Since we use the SOM, we can associate additional attributes besides those that contribute to the ordering of the SOM. Using this, we can transpose the consumer score matrix and associate it with the original map, so that we can see how the scores of the targets we want to look at, such as per consumer, cluster average, target area, etc., are distributed on the original map at our disposal. We believe that this will ultimately allow for an analysis that is consistent with the objectives of Preference Mapping.
Below is a map that transposes the consumer score matrix and associates it with the original product map, showing the scores in the target areas defined in the previous step. this corresponds to the final map of Preference Mapping method. In the Preference Mapping, the model was an artificial plane or curved surface model, whereas the SOM shows that a very varied surface has been created.

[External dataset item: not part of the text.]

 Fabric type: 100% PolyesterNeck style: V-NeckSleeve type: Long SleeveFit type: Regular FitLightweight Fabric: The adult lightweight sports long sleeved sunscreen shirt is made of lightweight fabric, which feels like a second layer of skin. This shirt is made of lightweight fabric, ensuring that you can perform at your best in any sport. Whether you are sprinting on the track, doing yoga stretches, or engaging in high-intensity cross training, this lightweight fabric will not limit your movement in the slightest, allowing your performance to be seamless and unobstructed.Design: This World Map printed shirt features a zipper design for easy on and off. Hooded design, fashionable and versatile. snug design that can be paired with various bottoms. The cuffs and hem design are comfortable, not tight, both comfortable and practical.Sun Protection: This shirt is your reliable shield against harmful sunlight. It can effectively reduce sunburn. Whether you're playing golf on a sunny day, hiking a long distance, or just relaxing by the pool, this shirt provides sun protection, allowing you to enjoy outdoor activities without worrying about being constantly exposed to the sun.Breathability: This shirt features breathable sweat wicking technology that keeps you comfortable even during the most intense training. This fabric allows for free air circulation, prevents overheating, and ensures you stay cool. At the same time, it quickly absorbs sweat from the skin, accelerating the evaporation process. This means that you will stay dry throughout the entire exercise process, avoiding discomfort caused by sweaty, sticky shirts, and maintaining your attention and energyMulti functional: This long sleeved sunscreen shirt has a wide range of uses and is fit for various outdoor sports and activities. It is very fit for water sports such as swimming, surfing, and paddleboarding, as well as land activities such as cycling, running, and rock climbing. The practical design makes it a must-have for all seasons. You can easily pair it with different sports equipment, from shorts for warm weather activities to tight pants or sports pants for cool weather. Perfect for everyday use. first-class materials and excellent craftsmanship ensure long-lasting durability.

The red nodes represent the characteristic space with the highest scores, from which the product concept is to be determined by selecting those areas where the product could be differentiated from existing products as much as possible. In the experiment, the dark shaded nodes were selected and the UM1, UM2 and UM3 values for these nodes were again presented to the LLMs, who were then asked about their concept. The answers are shown below:
Product Concept: “Spiced Honey Complex”
Flavor Characteristics
This flavor is a fusion of sweetness and complex spices.

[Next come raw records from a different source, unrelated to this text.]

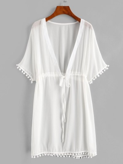 Drawstring Chiffon Pompoms Beach Dress
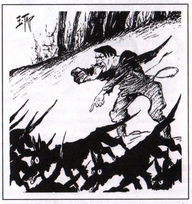 "La meute est sortie" ("The pack is out", 1940). Cartoon by E. Tap depicting Adolf Hitler at the start of World War II.
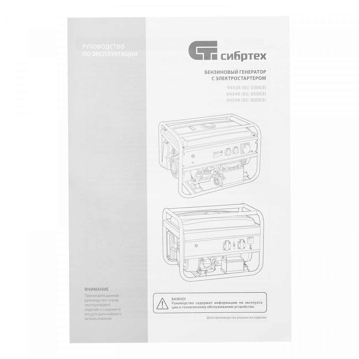 Генератор бензиновый БС-8000Э, 6,6 кВт, 230В, четырехтактный, 25 л, электростартер Сибртех

- The first taste delivers the gentle sweetness and smooth richness of honey.
- Gradually, a blend of spices such as cumin, garlic, and black pepper unfolds in layers, creating a flavor experience that is far from monotonous.
- The finish offers a subtle, peppery kick, balancing the sweetness with a lingering spiced complexity that keeps you coming back for more.
Appearance
Golden chips with a light shimmer, sprinkled with flecks of black pepper and herbs, create a refined and elegant visual appeal.
Target Audience
- Consumers looking for a sophisticated and adult-oriented flavor
- Those who appreciate complex, layered taste experiences
- Snack lovers who enjoy a balance of sweetness and spiciness in a gourmet-style product
Tagline
“Sweet and spicy – an irresistible moment of indulgence.”
Concept Insights
This product strikes a perfect balance between:
- UM1 (Satisfaction/Richness): Delivering moderate richness and a satisfying depth of flavor
- UM2 (Balance/Layered Depth): Highlighting a multi-dimensional taste where flavors harmonize beautifully
- UM3 (Freshness/Lightness): A slight lean towards richness over lightness, focusing on bold and indulgent flavor complexity.
The result is a snack that feels sophisticated, multi-layered, and irresistibly balanced.
end of quote
Conclusion
Traditional Preference Mapping combines (1) quantification of sensory characteristics, (2) PCA, (3) cluster analysis and (4) linear regression in order to link the sensory evaluation of a product by experts and the preference of the product by consumers, but frankly speaking, it seems difficult to create a reliable model in that way, as each step There is a loss of information at each stage of the process and it seems difficult to create a reliable model.
We have shown that (1) by using LLM, it is possible to use text expressed in natural language in addition to regular numerical data and incorporate all the subtleties of information into the model, and (2) by using SOM, it is possible to explore the data space intuitively and build natural models using free surfaces. The results showed that (1) the SOM can be used to intuitively explore the data space and build natural models with freeform surfaces.
Although we did not use conventional quantified sensory evaluation data in this study, SOM can integrate different types of data, so it is possible to integrate the method shown here and conventional methods on top of SOM. We welcome the opportunity to develop such examples in collaboration with motivated companies.